We passed between two rock cliffs, and the space got tighter and tighter. No roof capped off the slot, so although it was often as constricting as the mud cave would eventually be, at least we could see where we were going. I asked Schad if this winding thin canyon had a name. "Nope," he said. "No name. A no-name canyon off the Canyon with No Name."

We laughed. Schad pointed out a bluish and many-lined rock among the monotone grayness. It looked as out of place as a street sign or a palm tree in the desert. "This is from a different mountain range," Schad said. "Carried down here probably thousands of years ago and left here."

Most of the stone we saw was either smooth and flowing, like the water that shaped it, or dotted and cracked, like the sun that also did its part. For this reason, you could easily tell where rocks had broken and fallen. The piles of new-fall stood out. Seeing what the fallen stuff looked like, you didn't want to stop walking as you passed under the brittle arches and overhangs.

We turned around and snaked our way back out of the tight canyon.

Back in the car, the three of us headed out of Canyon Sin Nombre, slowly over the sand and loose stone, about another half-mile to a crossing of paths, a spot where a canyon, a creek, and an arroyo formed what looked more or less like a big sandy field with some rocks and low trees in it.

"This crossing is called a 'braided wash,' " Schad said.

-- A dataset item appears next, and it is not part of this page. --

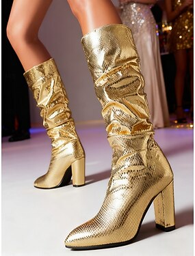 stivali da donna in pelle di serpente color oro a metà polpaccio - stivali da festa alla moda con tacco spesso metallizzato e punta affilata per la sera &abbigliamento da discoteca

Official signs had been hammered into the ground at this spot, though they were easy to miss. Canyon Sin Nombre. Carrizo Creek. Vallecito Creek. We headed more or less straight up Vallecito Creek, though this "creek" might more properly be titled a "wash" or a dry arroyo. Soon we passed wheel tracks that veered to the right into the appropriately titled Arroyo Seco del Diablo, "Dry Wash of the Devil."

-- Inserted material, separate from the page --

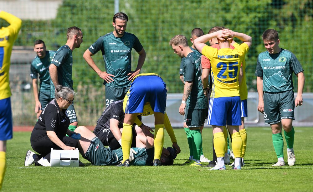 Eine schwere Verletzung ohne gegnerische Einwirkung überschattete die 2. Halbzeit der heutigen Verbandsligapartie zwischen dem FC Schönberg 95 und dem Penzliner SV. Schönbergs Abwehrspieler Max Kley musste für weitere Untersuchungen ins Krankenhaus gebracht werden und wir wünschen und hoffen natürlich, dass Max schnellstmöglich wieder auf die Beine kommt.

A mile or so farther up Vallecito Creek, we saw another sign, Arroyo Tapiado. Schad told me the name meant "mud wall wash."

Here, Schad related a story about the Butterfield Overland Stage that used to run from St. Louis to San Francisco, carrying people and mail through the desert in the late 1850s and early 1860s. Anza-Borrego had proven to be a good route through the surrounding mountains, despite the hostile Indians and lack of water.

"There's an old stage station right up Carrizo Creek over there," he said. "Just an old ruin, but it's got a lot of history."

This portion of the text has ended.